Whether national politics were ever really open and honest is a debatable point, of course. Before we went to a primary system, the old method of choosing presidential nominees at big, messy national conventions was often accused of being corrupt and undemocratic. Deals were made in smoke-filled rooms and, voila , here’s your ticket. But we got some pretty good presidents out of those smoke-filled rooms. I’m old enough to remember watching those conventions on television, and in retrospect they seem more honest and transparent than what we’ve got now.

Bruenig writes (as I have written in the past) that we may never know if the Russians really did change the outcome of the election. And we still don’t know if Donald Trump was conciously aware of and complicit in the Russian interference. But those are secondary considerations.

The primary things are these: It just wasn’t that hard for a foreign power to tinker with our deliberative democratic process, which suggests that it just isn’t that hard, full stop, for anyone to tinker with our deliberative democratic process. And if Trump’s campaign played along, those who benefited when he won don’t really seem to mind. Republicans will issue all sorts of official-sounding tweets and news releases decrying the subversion of America’s hallowed institutions, but they’ve got their tax cuts and Supreme Court seats, and they’re not going to initiate impeachment proceedings or primary Trump come 2020. A neutral observer couldn’t be blamed for concluding that the rich and powerful people who contend for control of the country don’t much care how public offices wind up in their hands, so long as they do.

Donald Trump is an abomination. He’s a walking moral cesspool. He is clearly unfit for office. He’s safe, for now, because the elites find him useful. Because he is also a moron he probably doesn’t realize he’s just a tool. But he is.

And this is true across the board. Those emails the Russians loosed upon the electorate were damning precisely because they revealed a similar scheme operating in miniature during the Democratic primary campaign: The supposedly neutral DNC functioned as more or less a Clinton campaign organ, subsisting off Clinton campaign funds and musing behind the scenes about targeting then-primary contender Bernie Sanders for being a secular Jew, how best to discipline his campaign for complaining about the DNC’s partiality and, ironically, how to properly dispel the appearance of a DNC conspiracy against Sanders.

The gravity and legality of the two exercises in meddling differ, certainly. But they both operate to wound our faith in democratic legitimacy.

A lot of commenters to this article are sputtering about false equivalence. But of course I agree with Bruenig. Hillary Clinton’s nomination was a done deal months before the primaries started, a fact that has been publicly confirmed in many ways. What the Democrats did to railroad Clinton’s nomination makes the smoke-filled rooms at the old national conventions seem downright guileless and innocent.
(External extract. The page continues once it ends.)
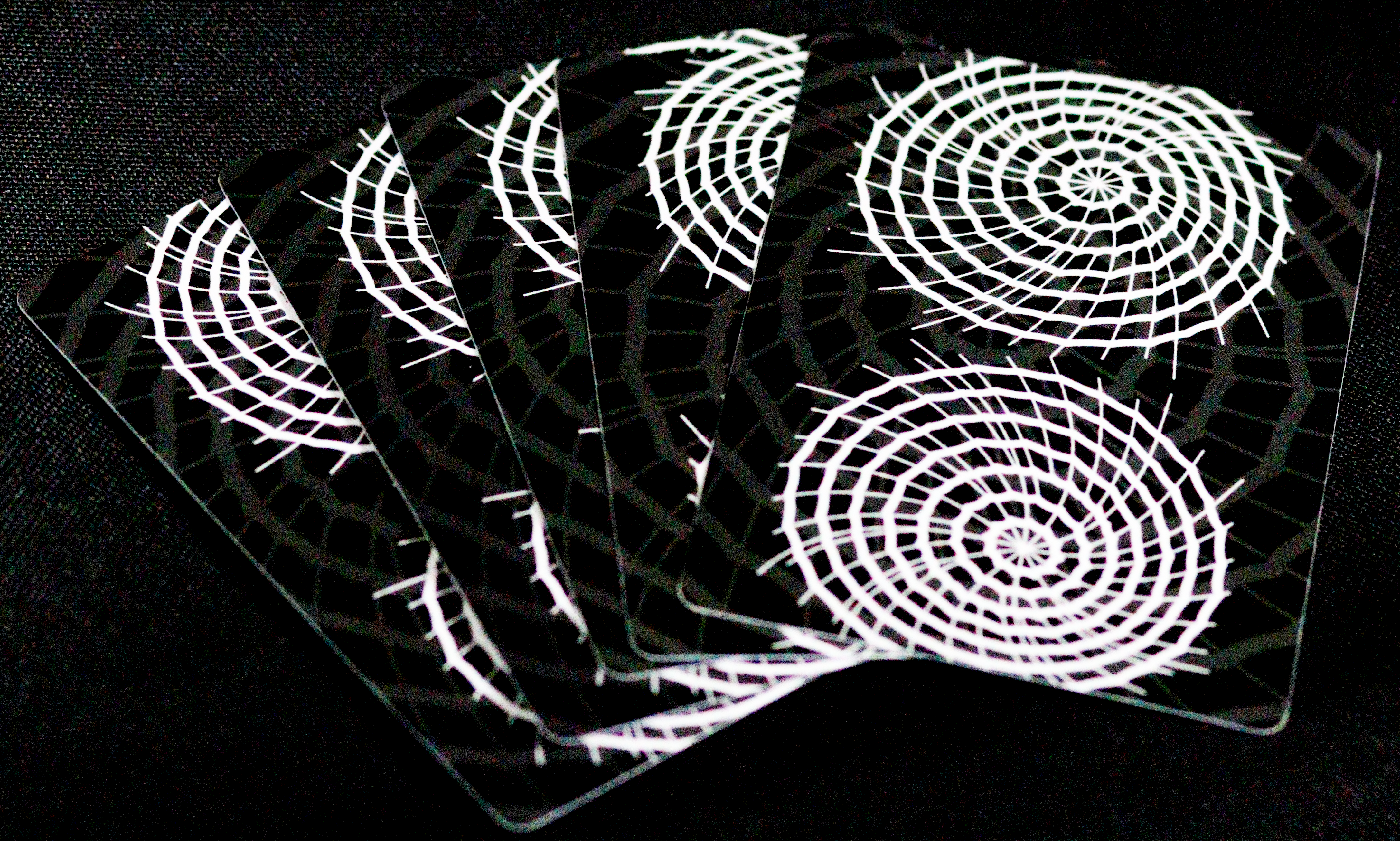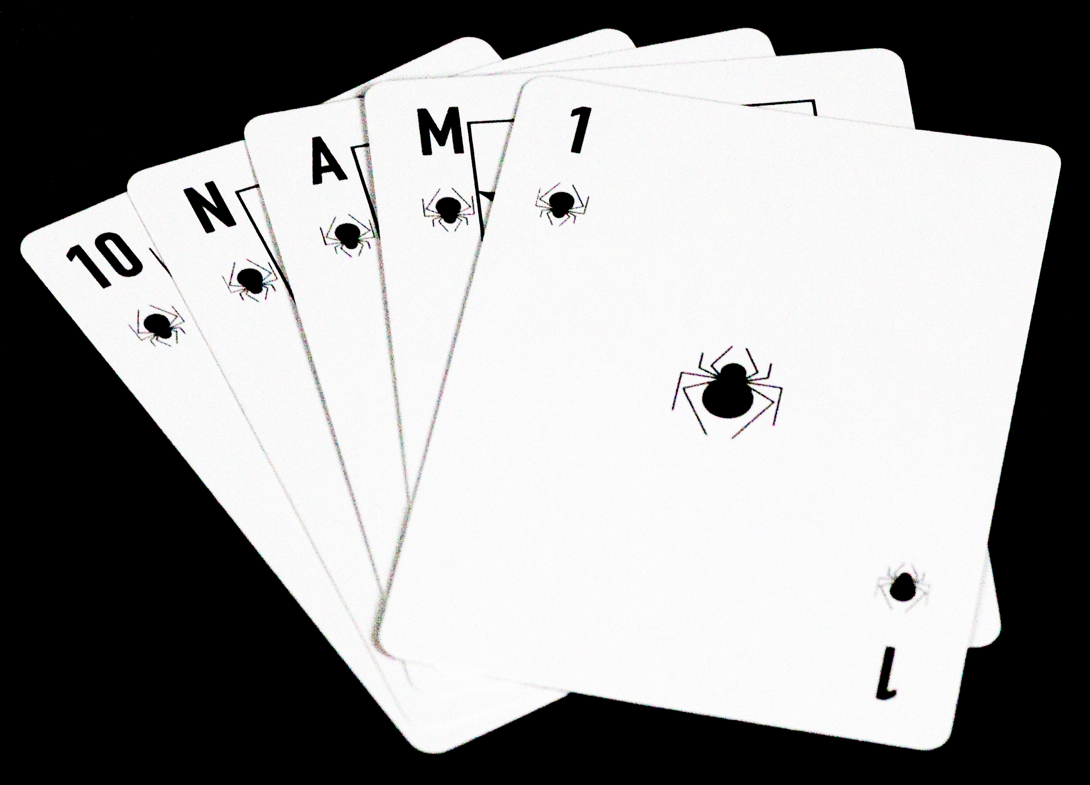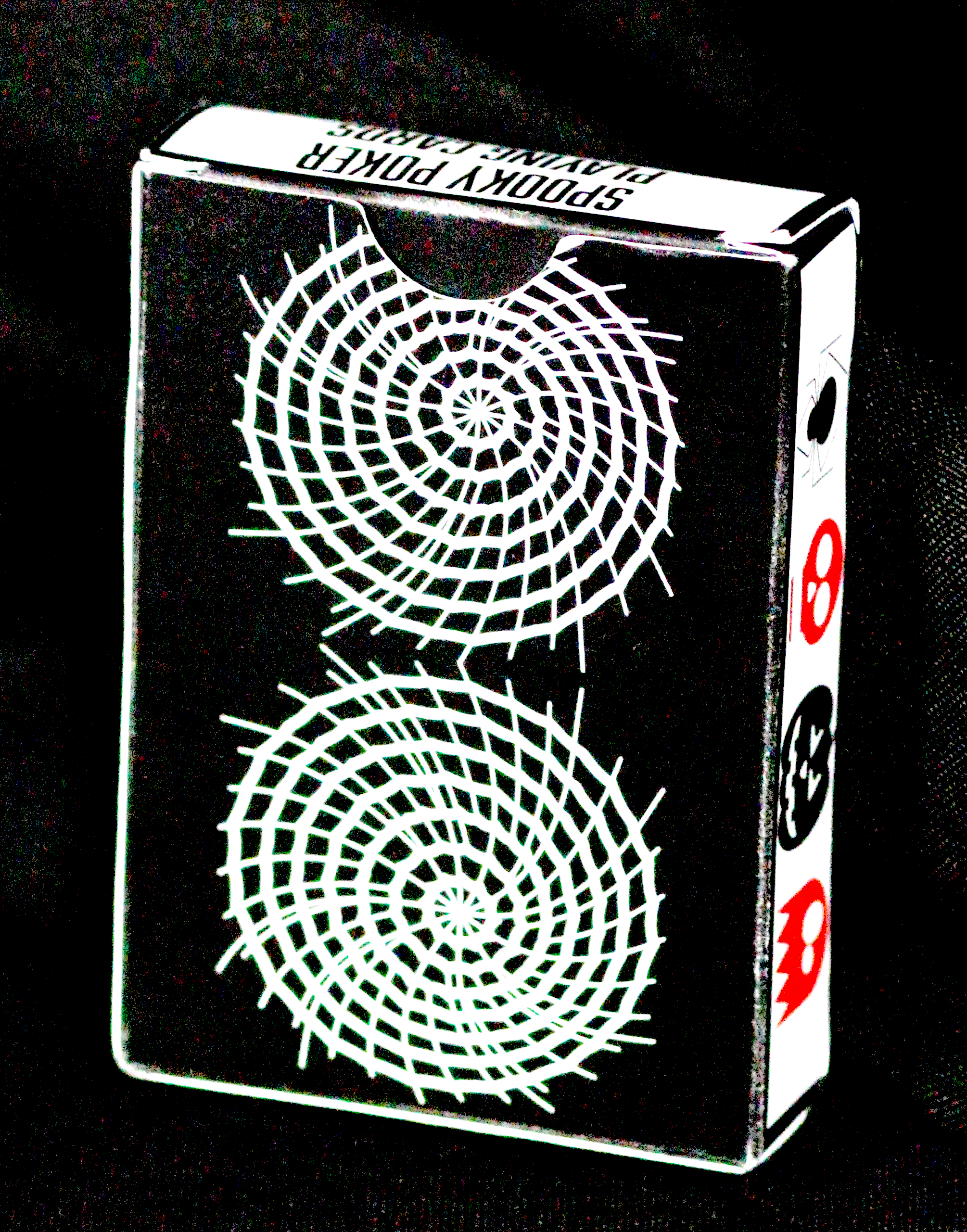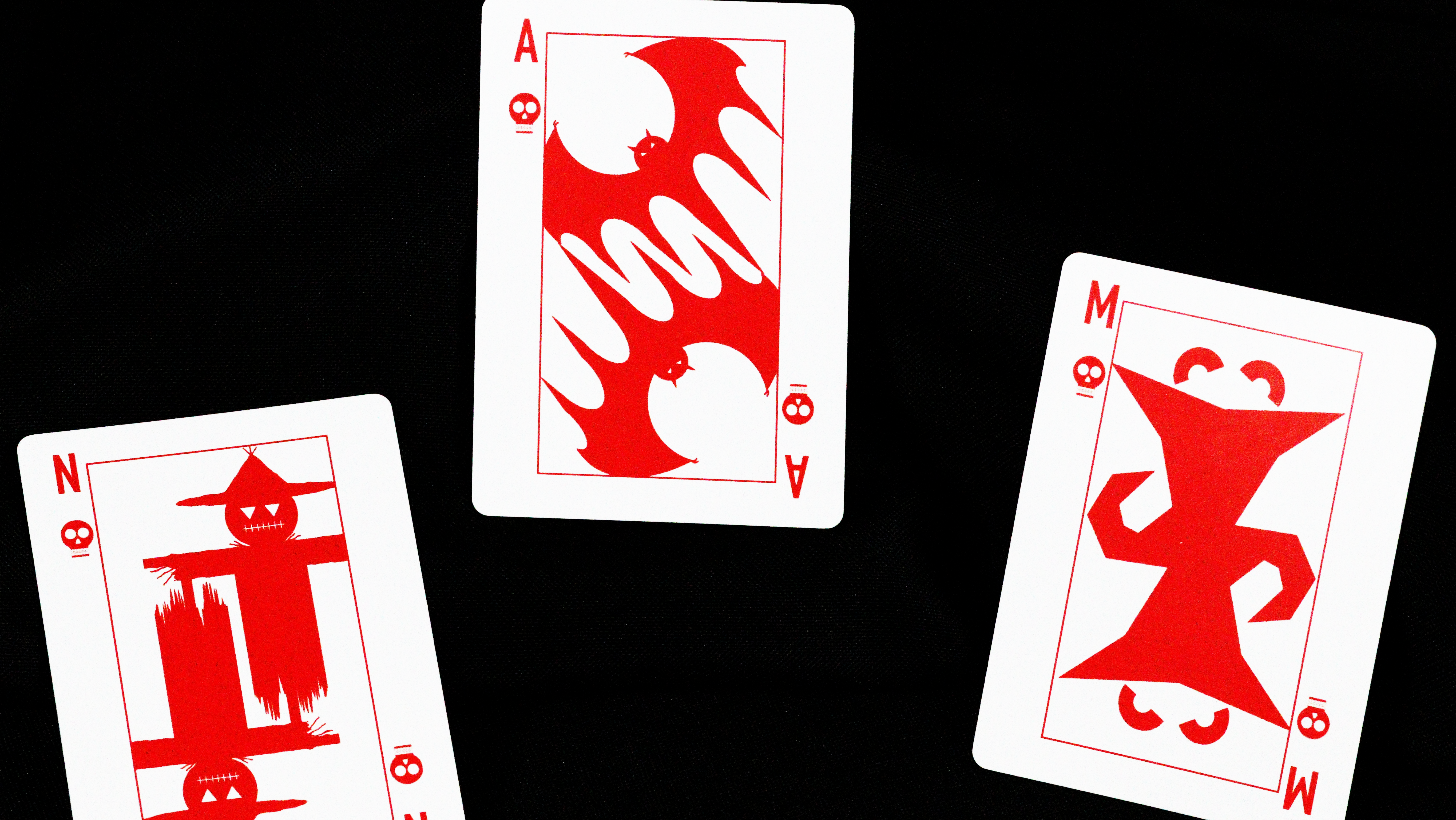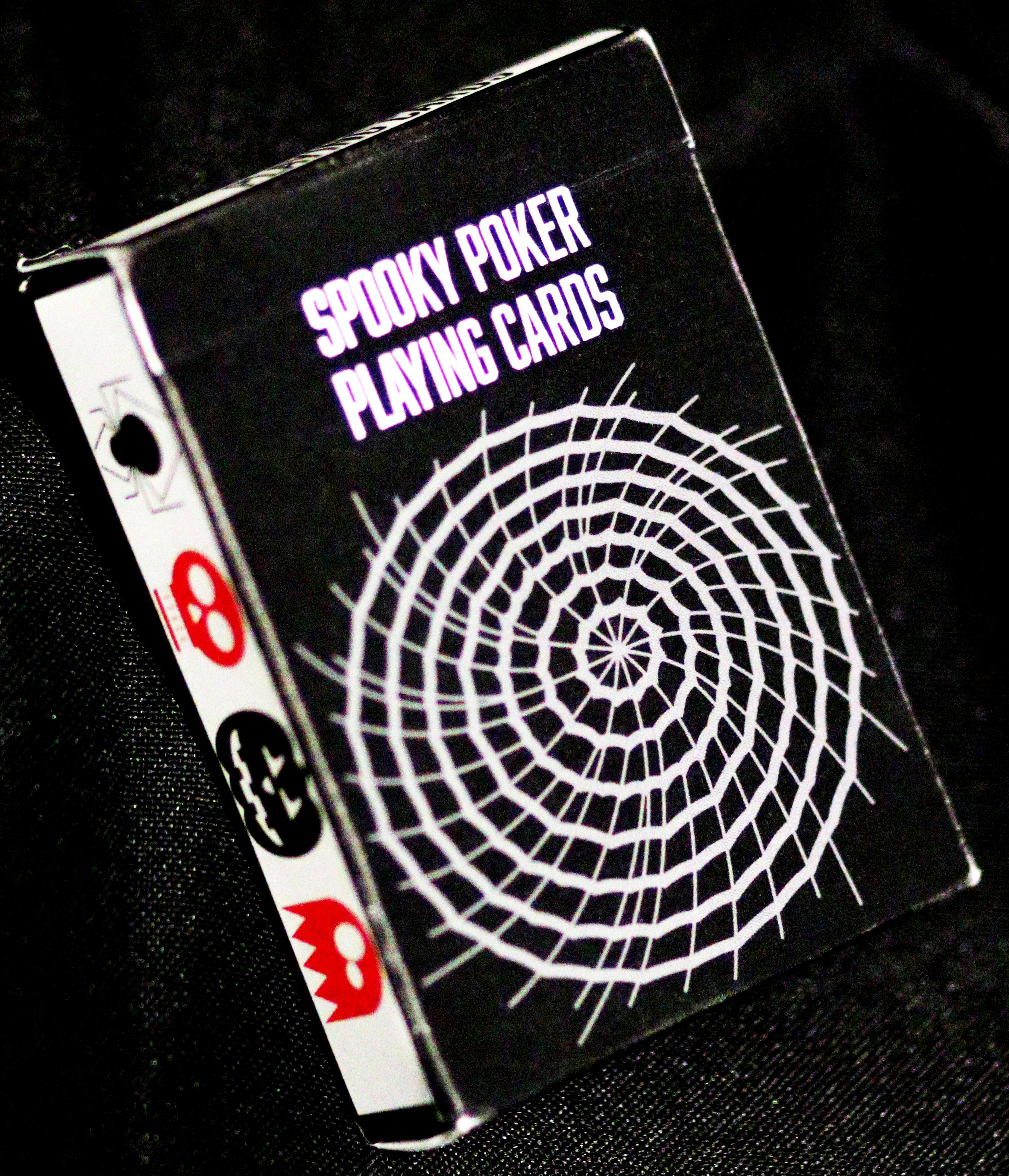 The Spooky Suits Poker Deck is different from the standard poker deck. The suits and the face cards are different. Instead of Spades, Hearts, Clubs, and Diamonds, the suits are Spiders, Skulls, Pumpkins, and Ghosts respectively. Instead of the Jack, Queen, and King cards, they are Novice, Artist, and Master cards.

In particular, it was ghastly to me the way that a generation of left-leaning voters was relentlessly punched down on for month after month because they refused to accept the decision of the powers that be, and to this day most of the progressive young folks I communicate with are, at best, massively ambivalent about the Democratic Party. They don’t like it much, and they don’t trust it, but most have accepted they have no alternative but to work through the Democrats to defeat Trumpism. A loud minority still refuse to have anything to do with Democrats, however.

So, damage was done. The sputterers need to realize and admit this. A big reason a lot of us who are Democratic voters are twitchy about “centrism” and “pragmatism” is that these are code words for accepting the manipulation. And let’s not kid ourselves that if Hillary Clinton were president now the government would be working for us. It would be less awful in many ways, yes, and we’d have gotten much better SCOTUS nominations. But anything we, the people might want that the elites don’t want to give us would still be off the table.

Mass media is complicit in all this, of course. News coverage helped Trump become acceptable as POTUS. They played him up because he was good for ratings. And then they normalized him. Television political coverage never goes deeper than the superficial and the sound bite, and most people get nearly all their information on candidates from television (or, worse, social media). The well-known information on Trump’s long history of dishonest business deals and ties to the mob were never explained to the American television news audience.

See an old Salon article from 2006, by Ted Morgan: “This isn’t how a democracy should work.”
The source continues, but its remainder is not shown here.